> **Dataset extract**:

========================

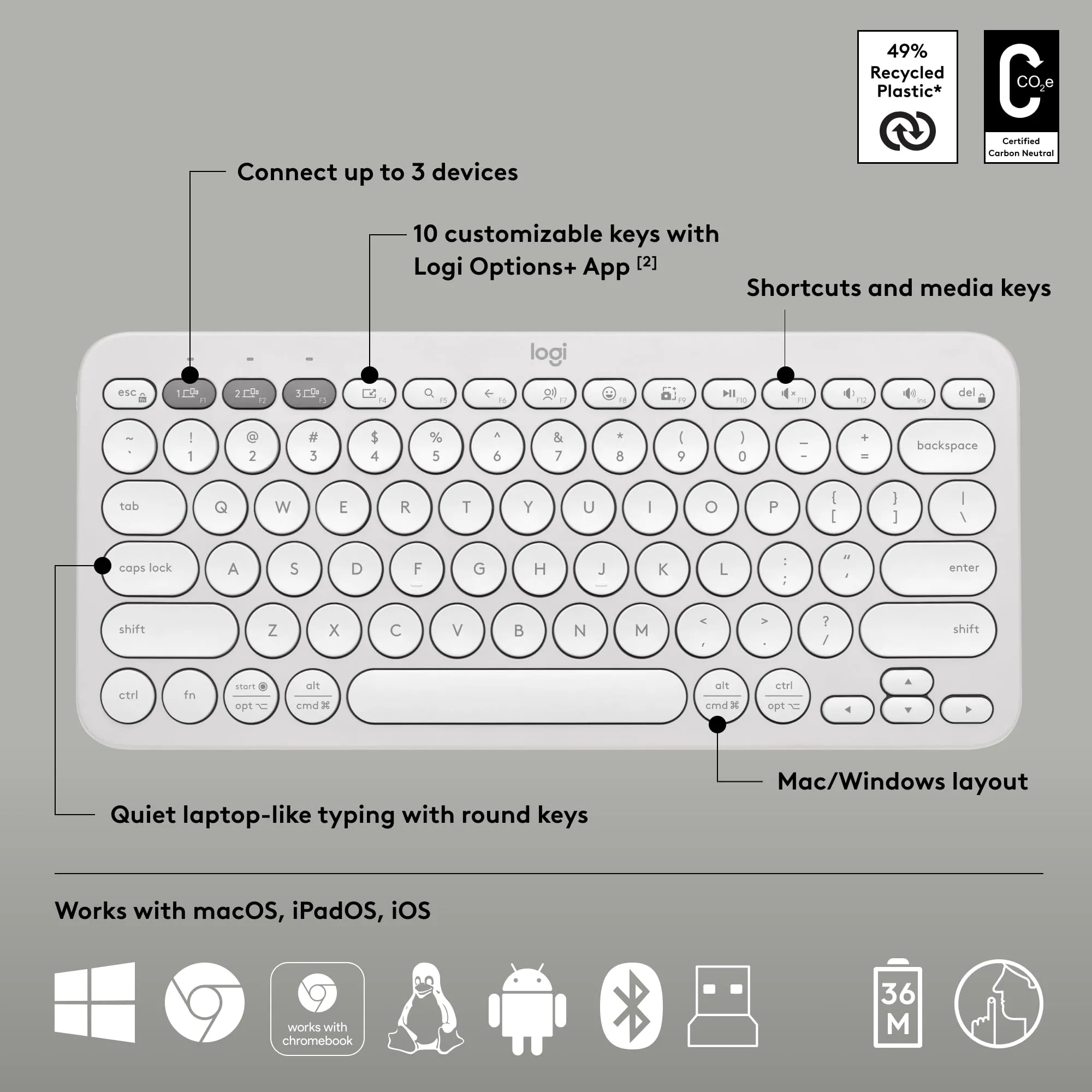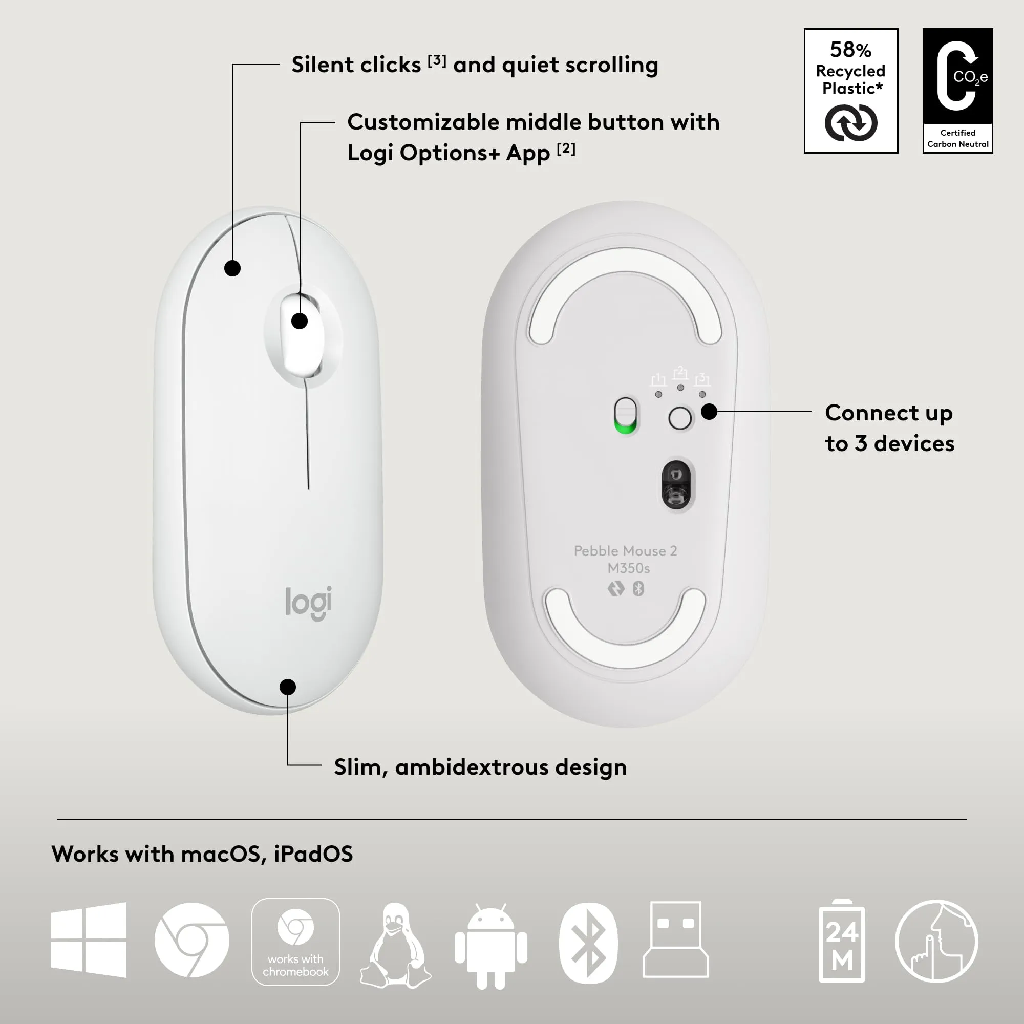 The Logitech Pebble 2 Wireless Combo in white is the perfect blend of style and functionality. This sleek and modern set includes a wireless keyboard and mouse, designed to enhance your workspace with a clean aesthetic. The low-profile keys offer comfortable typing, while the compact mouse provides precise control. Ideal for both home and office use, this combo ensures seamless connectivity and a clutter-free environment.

========================

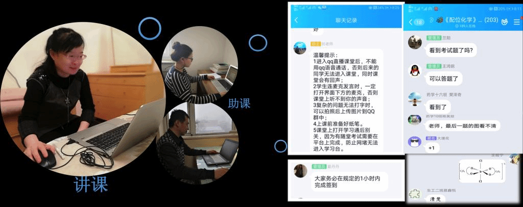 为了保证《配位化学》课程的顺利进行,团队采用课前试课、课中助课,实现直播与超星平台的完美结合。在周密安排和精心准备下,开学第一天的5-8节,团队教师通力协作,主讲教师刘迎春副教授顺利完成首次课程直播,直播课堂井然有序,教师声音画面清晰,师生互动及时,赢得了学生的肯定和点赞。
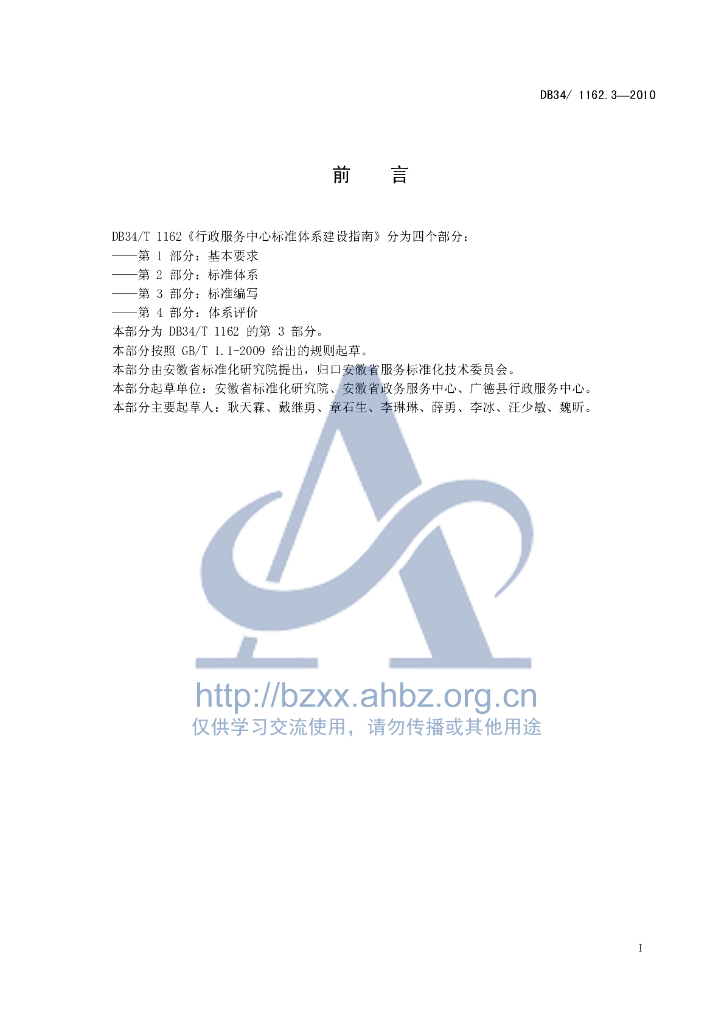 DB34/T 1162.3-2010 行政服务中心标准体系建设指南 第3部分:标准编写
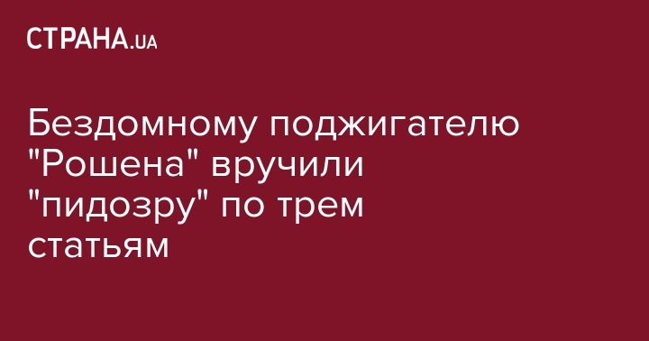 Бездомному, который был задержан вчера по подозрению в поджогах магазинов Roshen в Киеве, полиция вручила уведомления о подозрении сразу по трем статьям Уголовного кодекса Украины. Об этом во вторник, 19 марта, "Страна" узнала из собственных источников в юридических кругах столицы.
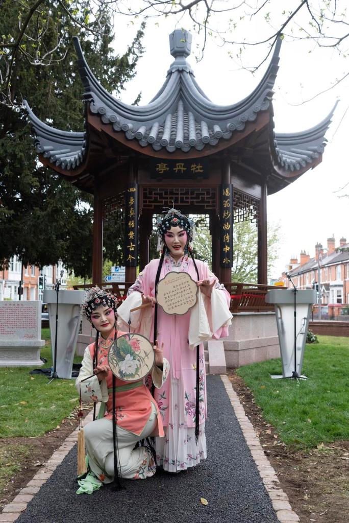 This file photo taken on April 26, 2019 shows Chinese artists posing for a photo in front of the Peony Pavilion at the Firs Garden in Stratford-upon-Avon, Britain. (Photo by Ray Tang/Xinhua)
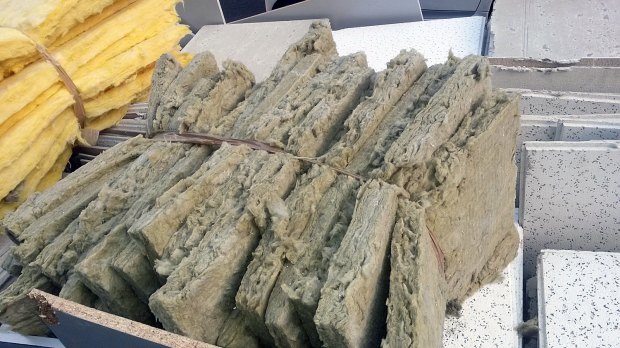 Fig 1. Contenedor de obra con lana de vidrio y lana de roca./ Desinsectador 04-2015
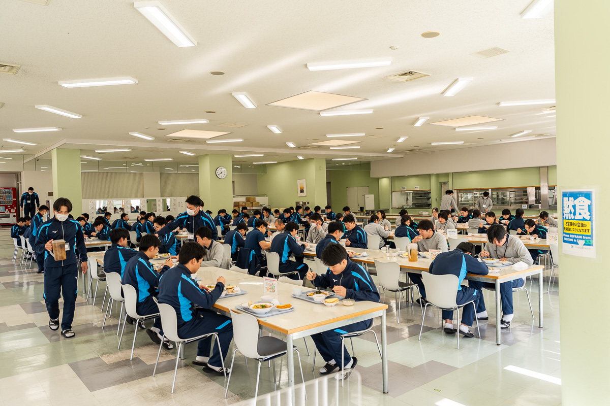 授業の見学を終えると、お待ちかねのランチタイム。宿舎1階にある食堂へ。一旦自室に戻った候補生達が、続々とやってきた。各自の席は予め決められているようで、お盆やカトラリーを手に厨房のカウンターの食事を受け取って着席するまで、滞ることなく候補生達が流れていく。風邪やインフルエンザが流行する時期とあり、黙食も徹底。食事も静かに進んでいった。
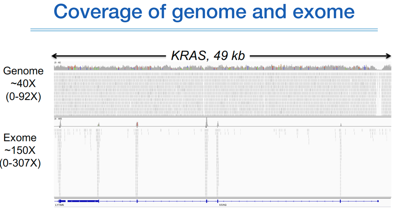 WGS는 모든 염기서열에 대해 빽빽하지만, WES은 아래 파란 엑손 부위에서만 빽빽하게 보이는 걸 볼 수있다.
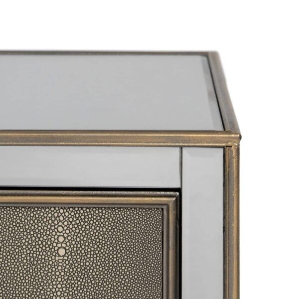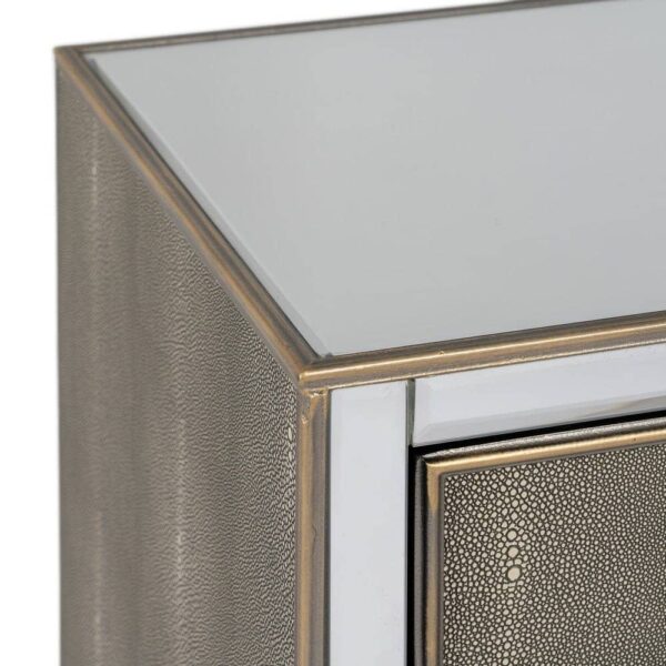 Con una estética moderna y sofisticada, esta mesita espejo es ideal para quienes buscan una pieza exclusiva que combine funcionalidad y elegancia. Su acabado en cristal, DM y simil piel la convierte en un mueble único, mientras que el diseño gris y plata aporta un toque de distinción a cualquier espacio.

========================

> **What the exercise asks**: With pictures omitted, repeat the entries above word for word from the line holding "授業の見学を終えると、お待ち" down to the line holding "Con una estética", keeping both of those lines.

> **Expected answer**:
 授業の見学を終えると、お待ちかねのランチタイム。宿舎1階にある食堂へ。一旦自室に戻った候補生達が、続々とやってきた。各自の席は予め決められているようで、お盆やカトラリーを手に厨房のカウンターの食事を受け取って着席するまで、滞ることなく候補生達が流れていく。風邪やインフルエンザが流行する時期とあり、黙食も徹底。食事も静かに進んでいった。
 WGS는 모든 염기서열에 대해 빽빽하지만, WES은 아래 파란 엑손 부위에서만 빽빽하게 보이는 걸 볼 수있다.
 Con una estética moderna y sofisticada, esta mesita espejo es ideal para quienes buscan una pieza exclusiva que combine funcionalidad y elegancia. Su acabado en cristal, DM y simil piel la convierte en un mueble único, mientras que el diseño gris y plata aporta un toque de distinción a cualquier espacio.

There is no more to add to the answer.